Neuronal iron dyshomeostasis occurs in multiple neurodegenerative diseases. Changes in the Fe(II)/Fe(III) ratio toward Fe(II) is closely related to oxidative stress, lipid peroxidation, and represents a hallmark feature of ferroptosis. In particular for body fluids, like cerebrospinal fluid (CSF), reliable quantitative methods for Fe(II)/(III) redox-speciation analysis are needed to better assess the risk of Fe(II)-mediated damage in brain tissue. Currently in the field of metallomics, the most direct method to analyze both iron species is via LC-ICP-MS. However, this Fe(II)/(III) speciation analysis method suffers from several limitations. Here, we describe a unique method using capillary electrophoresis (CE)-ICP-MS for quantitative Fe(II)/(III) speciation analysis that can be applied for cell lysates and biofluid samples. Compared to LC, CE offers various advantages: (1) Capillaries have no stationary phase and do not depend on batch identity of stationary phases; (2) Replacement of aged or blocked capillaries is quick with no performance change; (3) Purge steps are effective and short; (4) Short sample analysis time. The final method employed 20 mM HCl as background electrolyte and a separation voltage of +25 kV. In contrary to the LC-method, no complexation of Fe-species with pyridine dicarboxylic acid (PDCA) was applied, since it hampered separation. Peak shapes and concentration detection limits were improved by combined conductivity-pH-stacking achieving 3 μg/L detection limit (3σ) at 13 nL injection volume. Calibrations from LOD—150 μg/L were linear [r2[Fe(II)] = 0.9999, r2[Fe(III)] = 0.9951]. At higher concentrations Fe(II) curve flattened significantly. Measurement precision was 3.5% [Fe(II) at 62 μg/L] or 2.2% [Fe(III) at 112 μg/L] and migration time precision was 2% for Fe(III) and 3% for Fe(II), each determined in 1:2 diluted lysates of human neuroblastoma cells. Concentration determination accuracy was checked by parallel measurements of SH-SY5Y cell lysates with validated LC-ICP-MS method and by recovery experiments after standard addition. Accuracy (n = 6) was 97.6 ± 3.7% Fe(III) and 105 ± 6.6%Fe(II). Recovery [(a) +33 μg/L or (b) +500 μg/L, addition per species] was (a): 97.2 ± 13% [Fe(II)], 108 ± 15% [Fe(III)], 102.5 ± 7% (sum of species), and (b) 99±4% [Fe(II)], 101 ± 6% [Fe(III)], 100 ± 5% (sum of species). Migration time shifts in CSF samples were due to high salinity, but both Fe-species were identified by standard addition.

Highlights

  • Nowadays within neurodegeneration research it is most evident that iron-mediated oxidative stress (OS) and lipid peroxidation (LPO) plays a crucial role in multiple neurodegenerative brain disorders, such as Alzheimer’s and Parkinson’s disease (Hare et al, 2015, 2018; Ashraf et al, 2018)

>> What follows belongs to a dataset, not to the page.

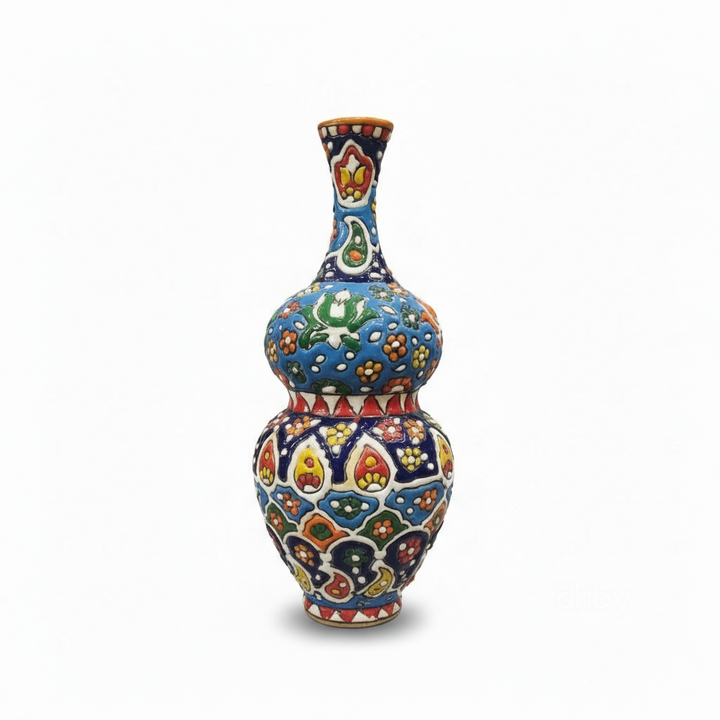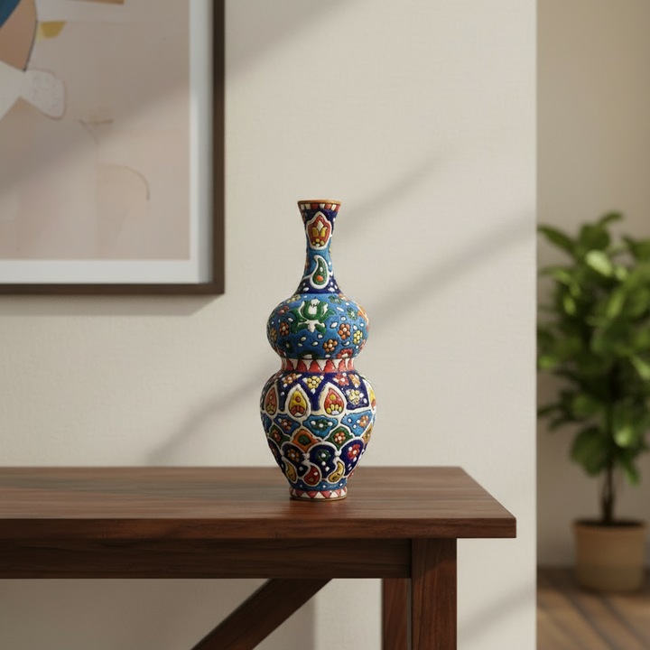 Painted in deep cobalt blue, red, yellow, green, and orange, the vase reflects the essence of traditional Persian and Multani blue pottery. With its ornate form and vibrant patterns, it stands as both a symbol of cultural heritage and a statement of timeless handcrafted beauty.

  • We revealed that liquid chromatography-coupled-to-inductivelycoupled plasma mass spectrometry (LC-Inductively Coupled Plasma Mass Spectrometry (ICP-MS)) represents a suitable Fe(II)/Fe(III) speciation analysis method that provides good figures of merit using only 8–10 min analysis time per sample (Solovyev et al, 2017)

  • Based on our previous experience with LC-ICP-MS, we first started with a 50 mM ammonium citrate electrolyte containing 7 mM pyridine dicarboxylic acid (PDCA), pH 4.2 (Solovyev et al, 2017)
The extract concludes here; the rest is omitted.